Data section —
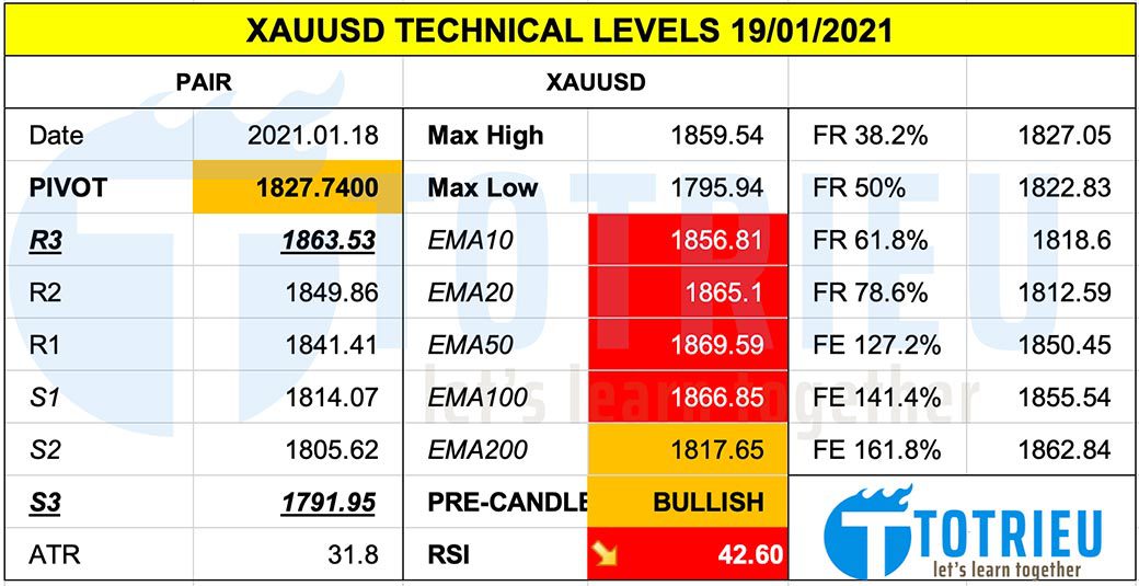 Thông số kỹ thuật XAUUSD ngày 19-01-2021
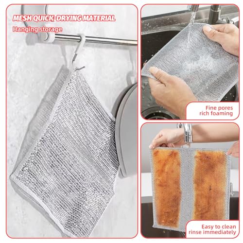 GUANKE - 10 قطع قماش غسيل الأطباق متعدد الأغراض للاستخدام الرطب والجاف من جوانكي، سلك تنظيف الأطباق متعدد الأغراض غير قابل للخدش، أدوات التقشير لتنظيف الأطباق وأحواض الغسيل والطاولات وأسطح البوتجاز، فضي، Small
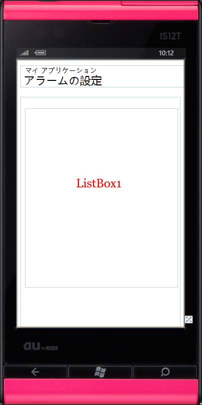PageTitleのTextプロパティには「アラームの設定」と指定します。TextBlockのStyleプロパティに指定されているPhoneTextTitle1Styleでは、文字サイズが大きすぎるので、PhoneTextTitle2Styleを指定します。
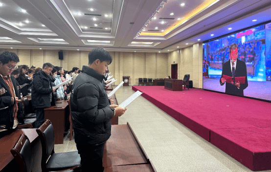 今年12月4日是第十一个国家宪法日,为贯彻落实习近平法治思想和习近平总书记关于宪法法治教育的重要指示精神,按照教育部、省教育厅《关于开展2024年教育系统“宪法宣传周”系列活动的通知》要求,结合《辽宁省交通高等专科学校落实<全国教育系统开展法治宣传教育的第八个五年规划(2021-2025年)>工作实施方案》相关安排,12月4日上午,党政办公室(法制办公室)、学生工作部联合组织开展了2024年宪法宣传周主题法治教育暨国家宪法日晨读活动,学生工作部教师、学校专职辅导员及学生干部代表参加了本次活动。
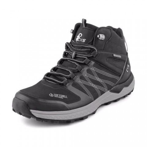 Kotníková softshellová obuv s reflexními doplňky. Materiál: svršek z materiálu softshell, TPU zesílení okopu a paty, voděodolná membrána CX-SHIELD (pouze u šedé varianty), textilní mesh podšívka, pohodlná anatomická vkládací stélka z měkké pěny a mesh tkaniny, podešev: phylon/guma. Velikost: 36-48 Reflexní doplňky: AnoObuv CXS SPORT, kotníková, černo - šedá
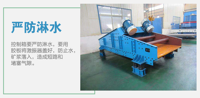 3、電磁激振器與控制箱要嚴(yán)防淋水,以免短路。要用膠板將激振器蓋好,防止水,礦漿落入,造成短路和堵塞氣隙。 4、隨時(shí)檢查各部位螺栓是否松動(dòng),以及篩框是否與溜槽等碰撞。

Exercise directions — Would you print all of the material exactly as written, minus the pictures?

Answer to this exercise —
 Thông số kỹ thuật XAUUSD ngày 19-01-2021
 GUANKE - 10 قطع قماش غسيل الأطباق متعدد الأغراض للاستخدام الرطب والجاف من جوانكي، سلك تنظيف الأطباق متعدد الأغراض غير قابل للخدش، أدوات التقشير لتنظيف الأطباق وأحواض الغسيل والطاولات وأسطح البوتجاز، فضي، Small
PageTitleのTextプロパティには「アラームの設定」と指定します。TextBlockのStyleプロパティに指定されているPhoneTextTitle1Styleでは、文字サイズが大きすぎるので、PhoneTextTitle2Styleを指定します。
 今年12月4日是第十一个国家宪法日,为贯彻落实习近平法治思想和习近平总书记关于宪法法治教育的重要指示精神,按照教育部、省教育厅《关于开展2024年教育系统“宪法宣传周”系列活动的通知》要求,结合《辽宁省交通高等专科学校落实<全国教育系统开展法治宣传教育的第八个五年规划(2021-2025年)>工作实施方案》相关安排,12月4日上午,党政办公室(法制办公室)、学生工作部联合组织开展了2024年宪法宣传周主题法治教育暨国家宪法日晨读活动,学生工作部教师、学校专职辅导员及学生干部代表参加了本次活动。
 Kotníková softshellová obuv s reflexními doplňky. Materiál: svršek z materiálu softshell, TPU zesílení okopu a paty, voděodolná membrána CX-SHIELD (pouze u šedé varianty), textilní mesh podšívka, pohodlná anatomická vkládací stélka z měkké pěny a mesh tkaniny, podešev: phylon/guma. Velikost: 36-48 Reflexní doplňky: AnoObuv CXS SPORT, kotníková, černo - šedá
 3、電磁激振器與控制箱要嚴(yán)防淋水,以免短路。要用膠板將激振器蓋好,防止水,礦漿落入,造成短路和堵塞氣隙。 4、隨時(shí)檢查各部位螺栓是否松動(dòng),以及篩框是否與溜槽等碰撞。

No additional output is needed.